The cell above will output links to Weights & Biases dashboards where you can review the training process and the final resulting model.

These dashboards will be useful in working through the exercises below.

#### 1. Balancing Act: Speed

Though our eventual goal is for the generator to "win" the competition
between the two networks,
we need the discriminator to also learn effectively
if the generator is to learn to make realistic images.
But if the discriminator is too good,
training can also fail.
This balancing act makes GAN training difficult.

Let's see this phenomenon in action.
First, reduce the `lr` of the discriminator by a factor of at least 1000
so that it learns much more
slowly than the generator. What happens?
Then, return the `lr` of the discriminator to its original value
and decrease the `lr` of the generator
by a factor of at least 100
so that it learns much more
slowly than the discriminator. What happens?
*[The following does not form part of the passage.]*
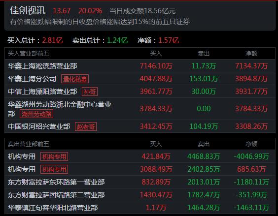 佳创视讯,全天成交18.6亿,换手率高达43.34%,龙虎榜前五买家共买入2.23亿,占比12%。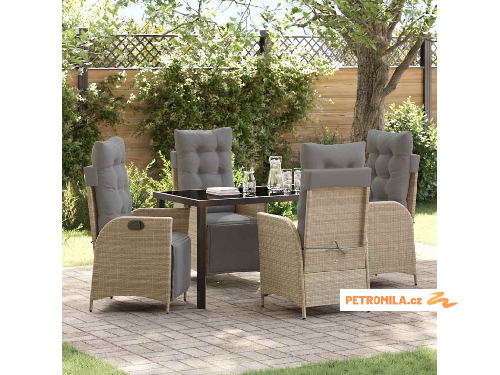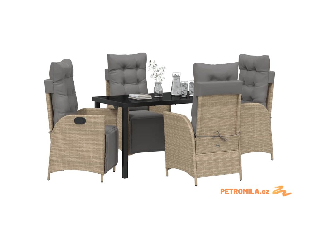 Zahradní jídelní souprava s polštářem 5 pcs Béžová polyratan

Make sure to return the `lr`s to their original values
(`0.002` for the discriminator and `0.0002` for the generator)
before proceeding!

#### 2. Balancing Act: Capacity

Another balancing act involves the _capacity_ or _expressivity_
of the two networks --
how powerful and flexible the networks are,
or how much they can learn from the data.
Loosely, we want as high capacity of a generator
as we can comfortably execute and train,
and we want a discriminator with sufficient capacity
to prevent the generator from winning with a "cheap trick",
like always returning the same input.
But we don't want the discriminator to have
such high capacity that it's impossible to fool
(see the **Challenge** section for GAN training tricks
that enable the use of higher-capacity discriminators).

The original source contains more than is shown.